**** Source information ****

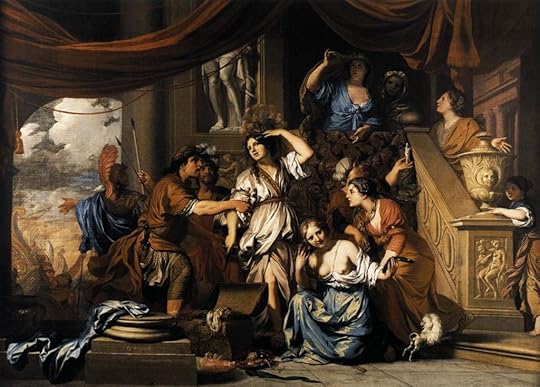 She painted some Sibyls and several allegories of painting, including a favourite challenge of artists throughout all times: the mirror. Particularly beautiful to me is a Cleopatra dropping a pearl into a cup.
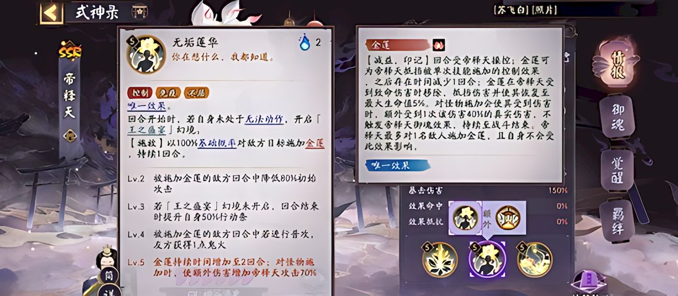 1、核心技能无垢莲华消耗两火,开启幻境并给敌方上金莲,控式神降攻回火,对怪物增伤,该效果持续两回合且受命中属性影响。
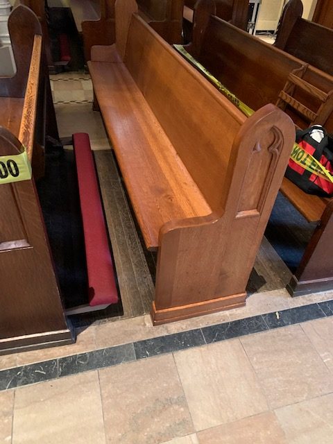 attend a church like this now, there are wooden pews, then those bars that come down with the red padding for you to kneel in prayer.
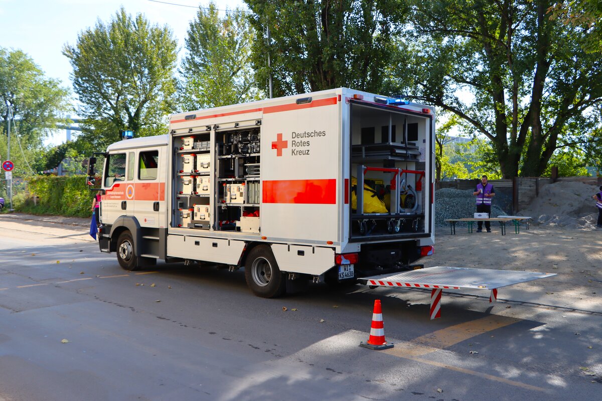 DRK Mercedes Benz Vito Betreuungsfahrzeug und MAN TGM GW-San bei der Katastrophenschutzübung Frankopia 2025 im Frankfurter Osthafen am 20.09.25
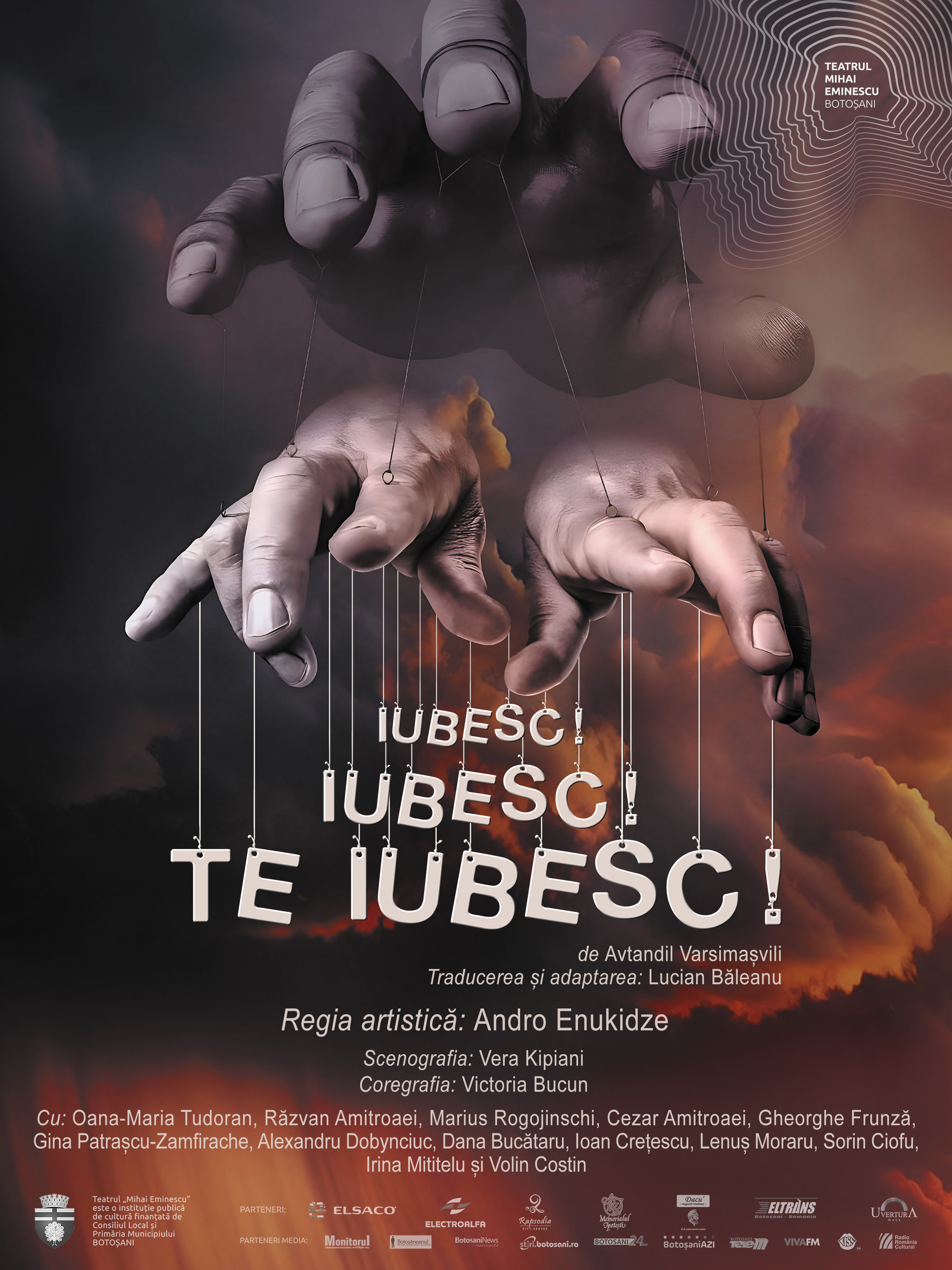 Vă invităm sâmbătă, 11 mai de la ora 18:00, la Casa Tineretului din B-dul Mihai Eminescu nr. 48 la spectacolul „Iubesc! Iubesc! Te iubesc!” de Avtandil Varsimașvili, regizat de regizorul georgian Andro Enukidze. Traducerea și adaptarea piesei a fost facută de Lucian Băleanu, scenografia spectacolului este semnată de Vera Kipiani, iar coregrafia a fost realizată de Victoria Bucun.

****

**Problem**
Here the lines from the one with "1、核心技能无垢莲华消耗两火" through the last line of the data above need to be repeated exactly, both included, and any picture omitted.

**Problem solution**
 1、核心技能无垢莲华消耗两火,开启幻境并给敌方上金莲,控式神降攻回火,对怪物增伤,该效果持续两回合且受命中属性影响。
 attend a church like this now, there are wooden pews, then those bars that come down with the red padding for you to kneel in prayer.
 DRK Mercedes Benz Vito Betreuungsfahrzeug und MAN TGM GW-San bei der Katastrophenschutzübung Frankopia 2025 im Frankfurter Osthafen am 20.09.25
 Vă invităm sâmbătă, 11 mai de la ora 18:00, la Casa Tineretului din B-dul Mihai Eminescu nr. 48 la spectacolul „Iubesc! Iubesc! Te iubesc!” de Avtandil Varsimașvili, regizat de regizorul georgian Andro Enukidze. Traducerea și adaptarea piesei a fost facută de Lucian Băleanu, scenografia spectacolului este semnată de Vera Kipiani, iar coregrafia a fost realizată de Victoria Bucun.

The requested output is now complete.